Le réceptionniste de l'hôtel de Yangon qui y était né et y avait fait ses études de francais, nous avait prévenus : "Hot Mandalay, Hot". Pas au sens du lapin Playboy. A Mandalay il fait chaud, très chaud, trop chaud. Notre première journée est consacrée à la visite du Palais Royal, enfin plutôt de sa pâle reproduction puisque le palais d'origine a été détruit lors de la guerre en 1945. Cet édifice se trouve à l'intérieur de murailles de 8 mètres de haut bordées de douves. Un sentiment de tristesse s'empare de nous à la vue de ce lieu dorénavant sans âme. Nous comprenons vite que marcher est pénible, que trouver un cyclopousse ou un taxi relève de l'exploit après une certaine heure et que le personnel de l'hôtel, après nous avoir posé 30 questions sur nos intentions, en trouve moyennant commission. Pour être libres, une mobylette s'impose. Nous en demandons une à l'hôtel mais tout est si compliqué que nous décidons de la trouver nous-même. Nous avons une piste dans la rue du Nylon Ice Cream bar. 
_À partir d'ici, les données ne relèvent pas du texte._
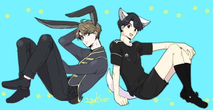 たなかさん@tanaka202011 リクありがとうございました💕💕 🐰ミミワットと🐺ミミタインちゃんでした何故か着てるものも反対にしてみました!! でかい絵。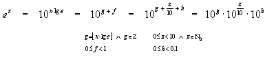 Man zerlegt den Zehnerexponenten x× lg e in einen ganzzahligen Teil g und einen (positiven) Bruchanteil f, der wiederum in die Zehntel (0.z) und den Rest (h < 0.1) aufgespalten wird. Auf einer "Dezimalmaschine" benötigt man hiezu keine zählende Rechenoperation!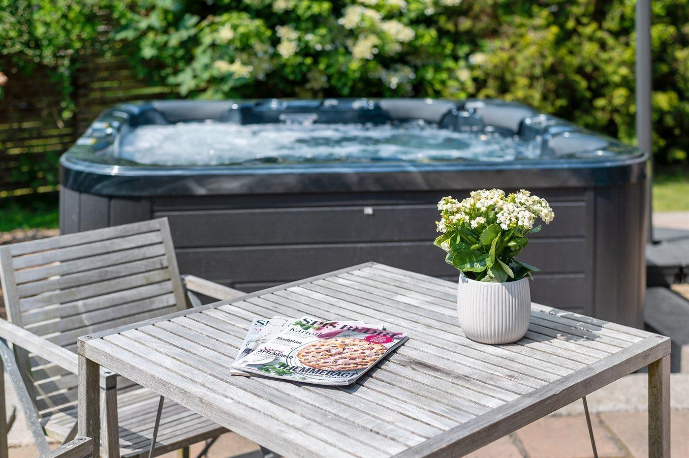 Het binnenbubbelbad (vulwater) biedt ontspanning aan 2 personen.Het buitenbubbelbad (standwater) biedt ontspanning aan 6 personen.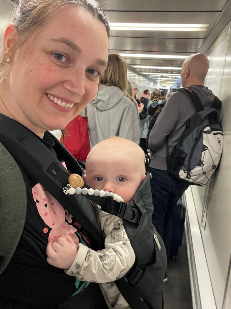 L’enregistrement et l’embarquement se sont vraiment bien passés honnêtement j’en suis encore surprise! On dirait que quand tu es une maman seule avec un bébé, tout le monde te sourit et veut t’aider!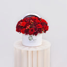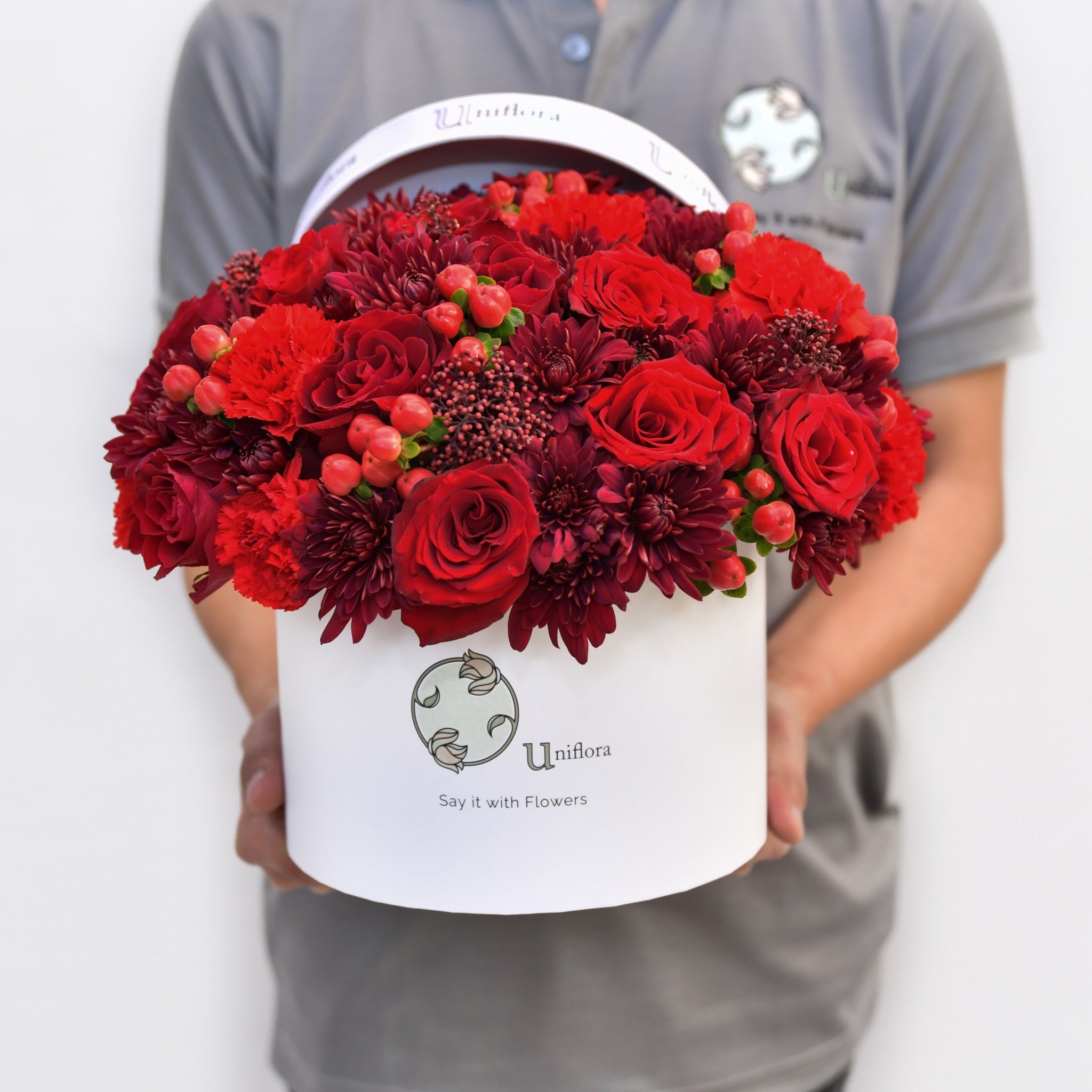 استمتعي بسحر اللون الأحمر الغني مع صندوق الزهور Scarlet Desire، الذي يتحدث بلغة الحب والدفء والأناقة. تتميز هذه المجموعة الزهرية الفاخرة بمزيج مذهل من الورود القرمزية العميقة والقرنفل المخملي والأقحوانات المورقة والتوت الأحمر الرقيق، وكلها مرتبة بشكل جميل في صندوق أبيض كلاسيكي.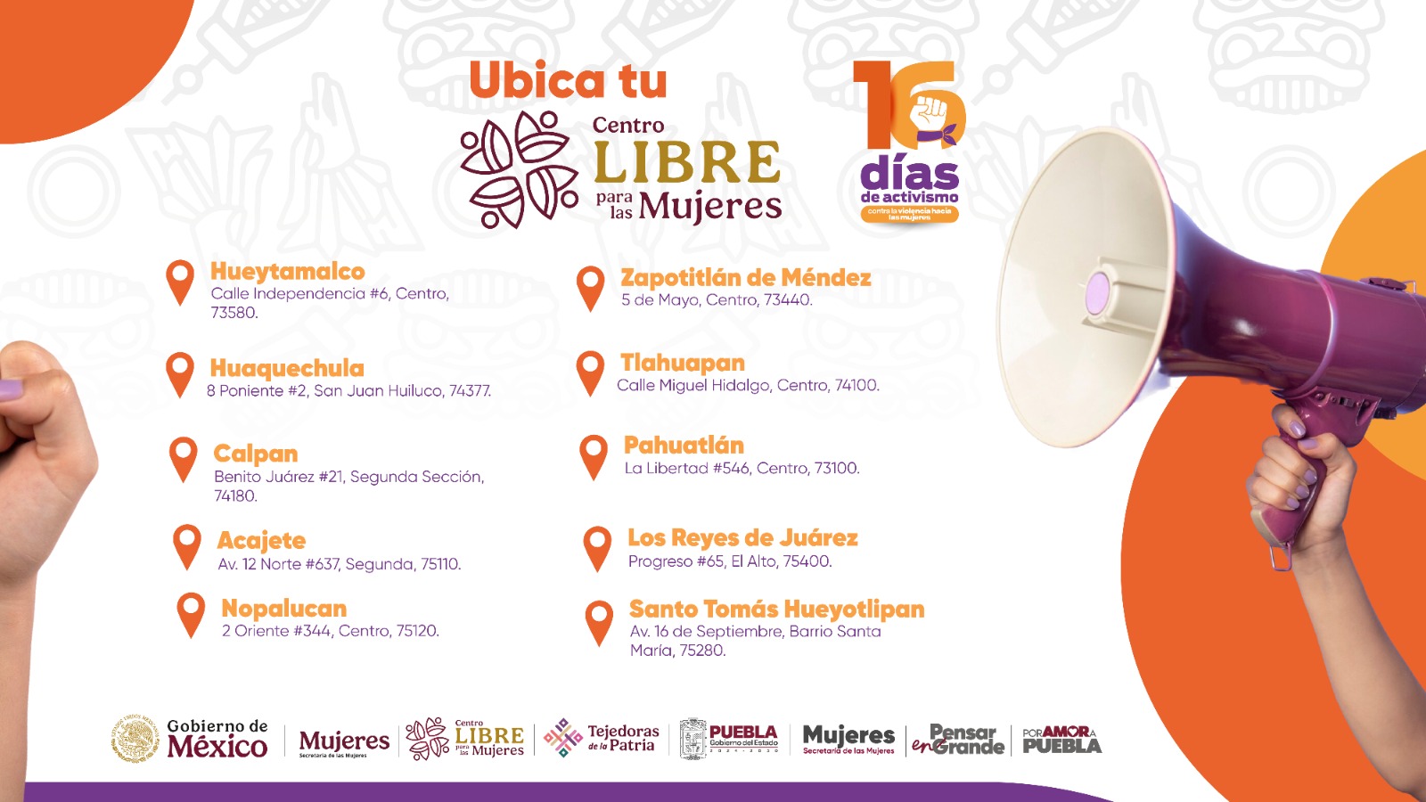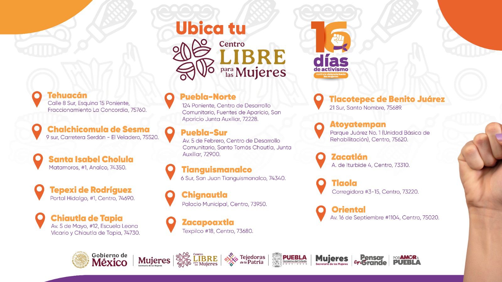 El Gobierno del Estado de Puebla invita a las mujeres a identificar su Centro LIBRE–Casa Carmen Serdán más cercano en los siguientes municipios: Acajete, Atoyatempan, Calpan, Chalchicomula de Sesma, Chiautla de Tapia, Chignautla, Huaquechula, Hueytamalco, Los Reyes de Juárez, Nopalucan, Oriental, Pahuatlán, San Aparicio (Puebla), Santa Isabel Cholula, Santo Tomás Chiautla (Puebla), Santo Tomás Hueyotlipan, Tehuacán, Tepexi de Rodríguez, Tianguismanalco, Tlacotepec de Benito Juárez, Tlahuapan, Tlaola, Zacapoaxtla, Zacatlán y Zapotitlán de Méndez.

Le lendemain matin nous hélons un cyclopousse. Un vieux monsieur charmant nous fait monter dos à dos sur son engin. Nous avons peine à le laisser pédaler sous cette chaleur. Lui est content. Il semble cultivé et en connaît un rayon sur les pays étrangers alors qu'il nous avoue ne jamais être sorti du Myanmar. Quelques birmans parviennent illégalement en Thaïlande. Guère plus loin. La mobylette louée, nous nous laissons avaler dans le flot de la circulation direction le monastère de Kyaunng Shwe in Bin. Il est installé au bord d'une petite rivière traversée par un vieux pont en bois. Nous sommes dans le quartier des moines. Nous surprenons deux d'entre eux en train de lire un journal de foot. Un autre indique son chemin à une vendeuse de balais. En passant devant le monastère Kyaung Mae Soe Yein Nu, plus en retrait de la rivière, un jeune moine nous interpelle de loin. Il semble désireux de communiquer avec nous. Nous passons la grille d'entrée, enlevons nos chaussures et le rejoignons. Des vieux batiments donnent sur une cour. Nous sommes dans une école. Il nous invite à nous assoir sur des planches de bois surélevées, sous un abri. Une dizaine de moines se rapprochent. Leur premiere question porte sur la différence entre nos deux pays. Puis les questions s'enchainent. Nos échanges durent deux heures. Le moment est unique, mais nous devons les quitter. Nous revenons vers le palais et nous lançons à l'assaut des 230 mètres de la colline de Mandalay. La mobylette peine, obligeant Miss B. alias "Diabolo" à descendre et Romain alias "Satanas" à tourner à bloc la poignée de gaz. Le sanctuaire ne retient notre attention que quelques dizaine de minutes. Au pied de la colline, nous faisons une halte à la Paya Kuthodaw entourée de 729 stèles de marbres installées chacune dans un petit stupa. Elles sont la gravure des 15 livres du Tripitaka. On estime qu'à raison de 8 heures par jour, il faudrait 450 jours à une personne pour en lire la totalité. Ces dômes blancs dans la lumière donnent un sentimement de quiétude. Nous croisons de jeunes nônes de six voire sept ans au détour d'un chemin, toute de rose vêtues. Elles transportent les ordures ménagères dans un panier d'osier. Nous rentrons à l'hôtel. Le personnel à l'entrée nous prend manifestement pour des fous, avec une pointe d'admiration.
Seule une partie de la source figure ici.